For Nugent, Mental Health Awareness Month is a reminder for others that for her, it isn’t confined to just a month. She is always aware of mental health, and the need to prioritize her mental health care.  

“Mental health awareness is a daily occurrence for me,” she said. “I need to pay very close attention and be very aware of my mental health needs constantly…if not, my OCD will rear its head and intensify, and then that ends up affecting every area of my life. Once I get in an OCD cycle, it can be very difficult for me to disrupt the cycle and move on with my day .” 

But Mental Health Awareness Month is also an opportunity.
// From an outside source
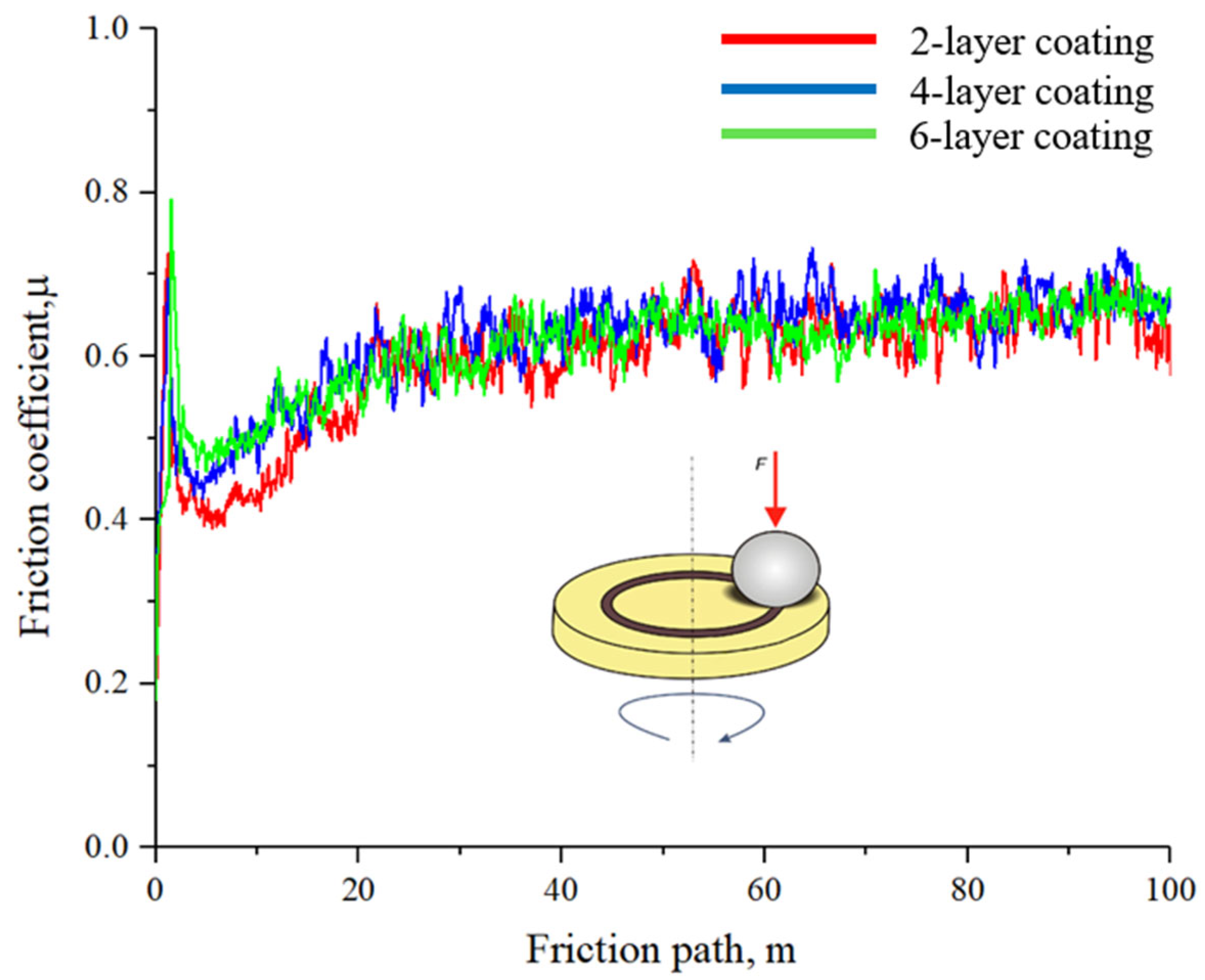| № | Number of Layers | µ (Average) | Wear Rate, mm3·N−1·m−1 | Wear Volume, mm3 |

People who don’t have mental health conditions can get great benefits out of being mindful of their mental health and wellness.  

“Therapy is valuable for everybody,” she said. “It does not matter if you have a mental health condition or not, we all can benefit from having a toolkit of strategies when we’re in a rut.”  

She also encouraged people to learn more about mental health and challenge stereotypes. 

“There is so much misunderstanding around mental health,” she said, adding that just because it doesn’t look like it does in the movies doesn’t mean it isn’t real. “Don’t discredit anyone because they don’t fit the mold that you have in your mind of what OCD or anxiety or schizophrenia is supposed to be.” 

This article represents the opinions of the author and interviewee, not that of the University of Kentucky.